• Data for this exercise:
____________________

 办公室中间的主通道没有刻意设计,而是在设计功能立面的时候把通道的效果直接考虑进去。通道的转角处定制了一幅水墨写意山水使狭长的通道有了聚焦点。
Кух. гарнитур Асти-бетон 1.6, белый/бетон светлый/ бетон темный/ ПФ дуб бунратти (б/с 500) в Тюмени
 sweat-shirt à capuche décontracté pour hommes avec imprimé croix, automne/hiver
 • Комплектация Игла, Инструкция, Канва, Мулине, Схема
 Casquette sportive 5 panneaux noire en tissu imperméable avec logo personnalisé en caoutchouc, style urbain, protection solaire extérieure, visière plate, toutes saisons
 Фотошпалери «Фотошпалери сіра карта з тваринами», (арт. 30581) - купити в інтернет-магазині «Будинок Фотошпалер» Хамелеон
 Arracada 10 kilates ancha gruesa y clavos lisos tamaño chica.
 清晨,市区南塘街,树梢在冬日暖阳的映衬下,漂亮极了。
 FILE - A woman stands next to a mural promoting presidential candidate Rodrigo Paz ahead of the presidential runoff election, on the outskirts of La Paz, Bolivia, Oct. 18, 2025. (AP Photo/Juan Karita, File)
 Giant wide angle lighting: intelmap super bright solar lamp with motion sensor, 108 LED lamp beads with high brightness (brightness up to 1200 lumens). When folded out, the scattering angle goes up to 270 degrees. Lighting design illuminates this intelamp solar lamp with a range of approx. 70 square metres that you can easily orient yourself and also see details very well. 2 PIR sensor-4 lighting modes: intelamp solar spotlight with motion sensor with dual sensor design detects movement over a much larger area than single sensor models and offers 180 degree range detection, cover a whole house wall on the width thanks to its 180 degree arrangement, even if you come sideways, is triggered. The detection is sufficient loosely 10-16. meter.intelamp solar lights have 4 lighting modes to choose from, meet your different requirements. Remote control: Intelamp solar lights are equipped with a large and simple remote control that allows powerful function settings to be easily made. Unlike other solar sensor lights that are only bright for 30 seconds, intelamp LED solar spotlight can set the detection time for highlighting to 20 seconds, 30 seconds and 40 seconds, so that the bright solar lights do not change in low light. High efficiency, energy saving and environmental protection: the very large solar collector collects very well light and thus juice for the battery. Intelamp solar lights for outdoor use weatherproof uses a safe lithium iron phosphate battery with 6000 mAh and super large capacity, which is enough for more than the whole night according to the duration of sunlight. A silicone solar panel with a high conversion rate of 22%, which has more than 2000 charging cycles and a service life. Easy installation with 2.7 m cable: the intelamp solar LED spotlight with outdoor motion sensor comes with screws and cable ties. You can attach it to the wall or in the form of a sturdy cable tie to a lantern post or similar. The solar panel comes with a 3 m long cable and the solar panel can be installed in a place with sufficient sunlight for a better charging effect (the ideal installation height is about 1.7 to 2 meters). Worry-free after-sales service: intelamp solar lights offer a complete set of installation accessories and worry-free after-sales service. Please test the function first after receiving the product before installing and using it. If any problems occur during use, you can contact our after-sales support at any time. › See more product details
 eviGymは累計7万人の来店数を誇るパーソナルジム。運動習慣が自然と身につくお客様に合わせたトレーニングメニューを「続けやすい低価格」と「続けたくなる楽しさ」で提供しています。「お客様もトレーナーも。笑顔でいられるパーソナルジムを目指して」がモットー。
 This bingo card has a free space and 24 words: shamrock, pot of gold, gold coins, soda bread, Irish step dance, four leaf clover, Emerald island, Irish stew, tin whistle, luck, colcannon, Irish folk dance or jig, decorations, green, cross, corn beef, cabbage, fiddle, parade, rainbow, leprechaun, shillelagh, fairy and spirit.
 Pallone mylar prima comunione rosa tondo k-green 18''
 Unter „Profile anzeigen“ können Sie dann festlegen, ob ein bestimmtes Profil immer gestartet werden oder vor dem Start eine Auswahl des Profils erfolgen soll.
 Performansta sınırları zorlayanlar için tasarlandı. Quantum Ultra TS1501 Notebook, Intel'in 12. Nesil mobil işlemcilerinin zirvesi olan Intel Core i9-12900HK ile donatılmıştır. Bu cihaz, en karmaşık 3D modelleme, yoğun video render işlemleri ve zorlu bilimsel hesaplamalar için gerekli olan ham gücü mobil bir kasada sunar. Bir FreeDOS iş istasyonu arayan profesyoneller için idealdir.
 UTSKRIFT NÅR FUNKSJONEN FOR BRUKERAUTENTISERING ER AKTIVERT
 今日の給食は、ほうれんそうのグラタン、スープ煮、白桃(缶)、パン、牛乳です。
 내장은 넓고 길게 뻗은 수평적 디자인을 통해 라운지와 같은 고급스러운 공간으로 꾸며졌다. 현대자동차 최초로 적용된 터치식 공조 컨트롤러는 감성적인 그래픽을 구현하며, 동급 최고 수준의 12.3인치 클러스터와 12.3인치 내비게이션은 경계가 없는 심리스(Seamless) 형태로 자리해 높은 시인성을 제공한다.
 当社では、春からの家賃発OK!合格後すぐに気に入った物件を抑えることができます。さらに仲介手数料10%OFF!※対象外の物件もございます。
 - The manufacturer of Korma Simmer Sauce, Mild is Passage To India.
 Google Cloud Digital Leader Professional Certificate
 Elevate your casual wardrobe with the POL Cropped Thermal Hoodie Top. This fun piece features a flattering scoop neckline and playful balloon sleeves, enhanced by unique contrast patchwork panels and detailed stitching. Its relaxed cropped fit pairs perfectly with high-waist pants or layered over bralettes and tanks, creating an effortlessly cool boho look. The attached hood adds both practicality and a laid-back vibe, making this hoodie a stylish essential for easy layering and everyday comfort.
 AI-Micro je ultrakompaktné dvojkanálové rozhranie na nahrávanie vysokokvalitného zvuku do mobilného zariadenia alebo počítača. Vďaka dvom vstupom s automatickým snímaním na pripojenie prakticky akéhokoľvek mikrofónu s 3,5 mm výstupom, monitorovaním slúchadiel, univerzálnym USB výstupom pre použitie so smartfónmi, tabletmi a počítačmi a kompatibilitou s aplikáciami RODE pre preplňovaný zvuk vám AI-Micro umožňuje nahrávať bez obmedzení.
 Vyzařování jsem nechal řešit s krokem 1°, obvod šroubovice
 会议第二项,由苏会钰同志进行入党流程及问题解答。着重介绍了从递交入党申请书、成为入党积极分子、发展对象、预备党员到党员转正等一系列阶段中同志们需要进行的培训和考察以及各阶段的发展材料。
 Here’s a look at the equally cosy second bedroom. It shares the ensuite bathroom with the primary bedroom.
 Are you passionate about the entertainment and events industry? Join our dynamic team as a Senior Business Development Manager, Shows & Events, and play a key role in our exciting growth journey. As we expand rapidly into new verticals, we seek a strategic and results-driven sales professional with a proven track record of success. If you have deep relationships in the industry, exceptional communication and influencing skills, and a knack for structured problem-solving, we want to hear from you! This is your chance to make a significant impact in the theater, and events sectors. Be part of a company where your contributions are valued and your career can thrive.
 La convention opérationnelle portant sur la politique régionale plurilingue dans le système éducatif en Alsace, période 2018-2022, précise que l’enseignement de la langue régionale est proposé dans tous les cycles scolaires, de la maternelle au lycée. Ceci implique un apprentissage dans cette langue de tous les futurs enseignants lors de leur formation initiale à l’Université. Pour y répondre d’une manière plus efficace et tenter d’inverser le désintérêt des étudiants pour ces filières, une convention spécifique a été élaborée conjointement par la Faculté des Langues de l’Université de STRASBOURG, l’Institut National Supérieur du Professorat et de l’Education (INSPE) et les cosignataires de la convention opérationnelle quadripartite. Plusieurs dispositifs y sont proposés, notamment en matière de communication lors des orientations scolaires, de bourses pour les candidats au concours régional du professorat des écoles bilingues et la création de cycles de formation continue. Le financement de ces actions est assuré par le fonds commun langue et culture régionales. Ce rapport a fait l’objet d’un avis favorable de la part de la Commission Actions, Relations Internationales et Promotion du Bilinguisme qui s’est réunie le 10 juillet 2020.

____________________

Give again, word for word, every line of the listing above from the one with "会议第二项,由苏会钰同志进行" to the one with "Are you passionate", both inclusive, and nothing beyond them.

 会议第二项,由苏会钰同志进行入党流程及问题解答。着重介绍了从递交入党申请书、成为入党积极分子、发展对象、预备党员到党员转正等一系列阶段中同志们需要进行的培训和考察以及各阶段的发展材料。
 Here’s a look at the equally cosy second bedroom. It shares the ensuite bathroom with the primary bedroom.
 Are you passionate about the entertainment and events industry? Join our dynamic team as a Senior Business Development Manager, Shows & Events, and play a key role in our exciting growth journey. As we expand rapidly into new verticals, we seek a strategic and results-driven sales professional with a proven track record of success. If you have deep relationships in the industry, exceptional communication and influencing skills, and a knack for structured problem-solving, we want to hear from you! This is your chance to make a significant impact in the theater, and events sectors. Be part of a company where your contributions are valued and your career can thrive.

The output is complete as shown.